The Slatest

Alabama Man Ordered to Be Released After 30 Years on Death Row

An Alabama man on death row for nearly 30 years was ordered on Thursday to be set free, after new evidence discredited the prosecutions decades-old case. Anthony Ray Hinton was 29 years old when he was convicted of the 1985 murders of two fast food workers in Birmingham. “While there were no witnesses to the murder or fingerprints found at the scene, Hinton was arrested after another employee identified him in a photo lineup, according to his lawyers,” NBC News reports. Prosecutors made the case that the murder weapon used in both murders was a revolver Hinton took from his mother’s home. A jury found Hinton guilty and he was sentenced to death.

Here’s more on the trial from the Equal Justice Initiative, a non-profit that provides legal help to indigent prisoners:

Anthony Hinton, 29 years old with no history of violent crime, steadfastly maintained his innocence. A polygraph test given by police exonerated him, but the judge (now-retired Circuit Judge James Garrett) refused to admit it at trial. Mr. Hinton was appointed a lawyer who mistakenly thought he could not get enough money to hire a qualified firearms examiner. Instead, he retained a visually-impaired civil engineer with no expertise in firearms identification who admitted he could not operate the machinery necessary to examine the evidence. With no credible expert to challenge the State’s assertion of a match, Mr. Hinton was convicted and sentenced to death.

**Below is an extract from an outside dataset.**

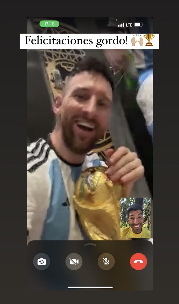 เมสซี่ โทรหา หลุยส์ ซัวเรซ ทางเฟซไทม์ ก่อนกองหน้าทีมชาติอุรุกวัยจะแคปหน้าจอโพสต์ลงอินสตาแกรมพร้อมแคปชั่นว่า 'ยินดีด้วยไอ้อ้วน'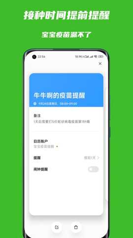 设置接种提醒:应用程序可能提供接种提醒功能,您可以设置接种提醒时间,应用程序会提醒您宝宝下一次接种疫苗的时间。

EJI took up Hinton’s case and in 2002 presented new forensic evidence and expert testimony that refuted that the murder weapon was the revolver linked to Hinton at trial.

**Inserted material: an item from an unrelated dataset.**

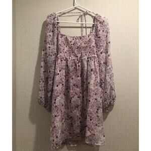 Lucy Paris NWT Pink Maeve Floral Long Sleeve Tie Back Mini Dress Size M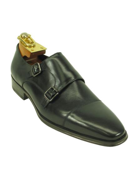 Men's Leather Double Buckle Style Black Fashionable Carrucci Ombre Black Dress Shoe

The State’s evidence of a match was wholly discredited by three highly qualified firearms examiners, including the former chief of the FBI’s firearm and toolmarks unit, who testified in 2002 that the bullets from all three crimes could not be matched to a single gun at all, much less to Mrs. Hinton’s gun, and found that her gun could not have fired the bullets from the third uncharged robbery. For more than fifteen years, attorneys with the Equal Justice Initiative repeatedly have asked state officials to re-examine the evidence in this case, but former Jefferson County District Attorney David Barber, and Attorneys General from Troy King to Luther Strange, all failed to do so… Last year, the United States Supreme Court unanimously overturned his conviction based on his attorney’s deficient representation, and Judge Petro ordered a new trial.

Prosecutors decided not to retry the case and Judge Petro ordered Hinton, now 57, to be released from prison on Friday. “Hinton plans to stay with a childhood friend upon release,” Hinton’s lawyer told Reuters. “His mother died while he was in jail and he has no other family in the area.”